INFO: 2017/04/04 06:16:07.062159 Our name is 8e:0e:19:5d:4e:5e(n3)
INFO: 2017/04/04 06:16:07.062426 Launch detected - using supplied peer list: [192.168.23.200 192.168.23.201 192.168.23.202 192.168.23.203]
INFO: 2017/04/04 06:16:07.062669 Checking for pre-existing addresses on weave bridge
INFO: 2017/04/04 06:16:07.072861 [allocator 8e:0e:19:5d:4e:5e] No valid persisted data
INFO: 2017/04/04 06:16:07.158094 [allocator 8e:0e:19:5d:4e:5e] Initialising via deferred consensus
INFO: 2017/04/04 06:16:07.159120 Sniffing traffic on datapath (via ODP)
INFO: 2017/04/04 06:16:07.163257 ->[192.168.23.202:6783] attempting connection
INFO: 2017/04/04 06:16:07.163770 ->[192.168.23.201:6783] attempting connection
INFO: 2017/04/04 06:16:07.164761 ->[192.168.23.203:6783] attempting connection
INFO: 2017/04/04 06:16:07.165369 ->[192.168.23.200:6783] attempting connection
INFO: 2017/04/04 06:16:07.165999 ->[192.168.23.203:48229] connection accepted
INFO: 2017/04/04 06:16:07.173375 ->[192.168.23.203:6783|8e:0e:19:5d:4e:5e(n3)]: connection shutting down due to error: cannot connect to ourself
INFO: 2017/04/04 06:16:07.174156 ->[192.168.23.203:48229|8e:0e:19:5d:4e:5e(n3)]: connection shutting down due to error: cannot connect to ourself
INFO: 2017/04/04 06:16:07.185573 ->[192.168.23.202:6783|8e:0e:19:5d:4e:5e(n3)]: connection shutting down due to error: local "8e:0e:19:5d:4e:5e(n3)" and remote "8e:0e:19:5d:4e:5e(n2)" peer names collision
INFO: 2017/04/04 06:16:07.189360 Listening for HTTP control messages on 127.0.0.1:6784

rhuss on 4 Apr 2017

I think all we can do from a kubeadm perspective is document unique product UUIDs as a potential requirement. I imagine there are so many different ways to resolving this per OS, we can't really suggest a specific one.

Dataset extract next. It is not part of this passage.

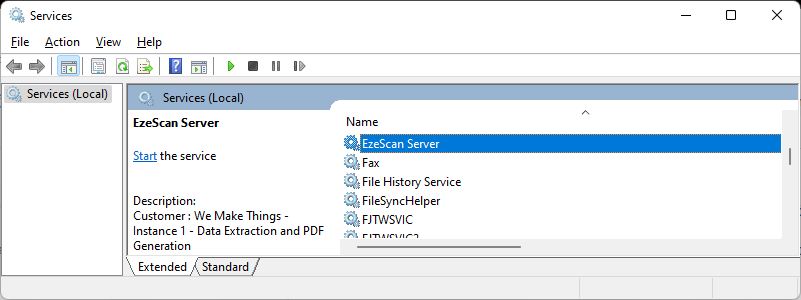 Take note of the Service name for future use (i.e. Ezescan Server)
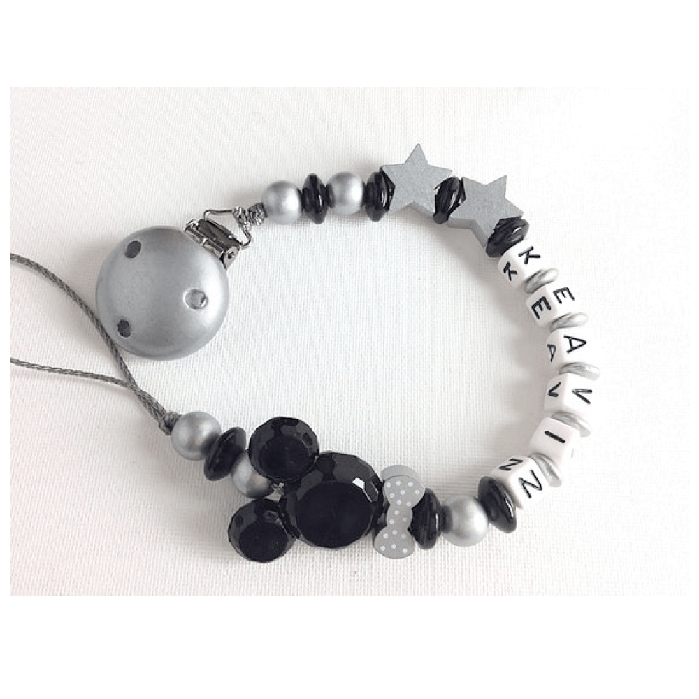 Attache tetine étoiles argent avec le prénom de votre choix. L’attache tetine est fabriquée de perles en bois. La peinture qui recouvre le clip et les perles est non toxique et sans solvant. Résistante à la salive et à la sueur elle est conforme à la norme européenne jouet DIN EN 71.3. Nous confectionnons nos attaches tétines à la main en France.

jamiehannaford on 16 Jun 2017

Agreed @jamiehannaford, we should just list this as a requirement for everything running smoothly.
Kubernetes and things running on top might require/assume that
a) The product_uuid is unique
b) The MAC address is unique
for every node.

@jamiehannaford Can you document that please?

luxas on 17 Jun 2017

@luxas Sure, I'll get to it next week

jamiehannaford on 17 Jun 2017

Perfect, thank you!

luxas on 17 Jun 2017

This now documented, so we can close 🎉

jamiehannaford on 26 Jun 2017

👍1

Yayy :tada:

luxas on 26 Jun 2017

_От @ vganapathy1 15 ноября 2016 г. 15:38_

@soualid Удивительно, но UUID был одинаковым для всех виртуальных машин , которые у меня были, что вызвало конфликт имен и изменение UUID решило проблему.

Чтобы получить UUID,
cat /sys/class/dmi/id/product_uuid

Мне нужно было изменить UUID во всех виртуальных машинах, чтобы получить эту работу. Если это не работает для вас, вы можете проверить с @errordeveloper , и у него есть патч wave-kube, который также работает для меня.

Hi, @errordeveloper
Can you please give a patch for wave-kube to install weave with non-unique product_uuid?